Their performance depends heavily on operations rather than location or lease structure. Rates reset frequently and management decisions directly impact returns, making these assets operate more like businesses than passive real estate investments.
These property types have emerged as distinct verticals because their demand, risk, and returns are shaped by demographics and operations, offering investors an additional avenue for diversification.
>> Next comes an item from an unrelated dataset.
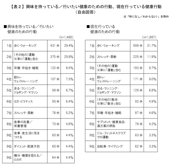 健康のための行動についての自由回答では、興味を持っているもしくは行いたいと思うことの1位は「歩く・ウォーキング(29.4%)」がトップで、次いで「運動(25.6%)」がと上位に挙がりました(表2)。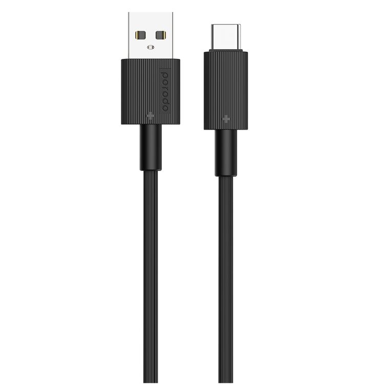 Porodo USB-A to USB-C PVC Cable, 480Mbps Transfer Speed, more than 15000 Bends Life Span, 1.2m Cable length, Tangle Free - Black

Overall, Bend’s commercial real estate market reflects many of the same dynamics playing out nationally, but generally with less volatility. Supply conditions vary by property type, with industrial and multifamily sectors working through near-term overhangs while office and retail remain constrained. Demand continues to be supported by established local drivers, and capital conditions are beginning to improve. Performance is differentiated by asset quality and management, with income, operations, and management of the two playing a pivotal role in returns.
While the market continues to adjust alongside the broader economy, Bend’s performance indicators point to a stable path and continued market improvement over the next 12-18 months.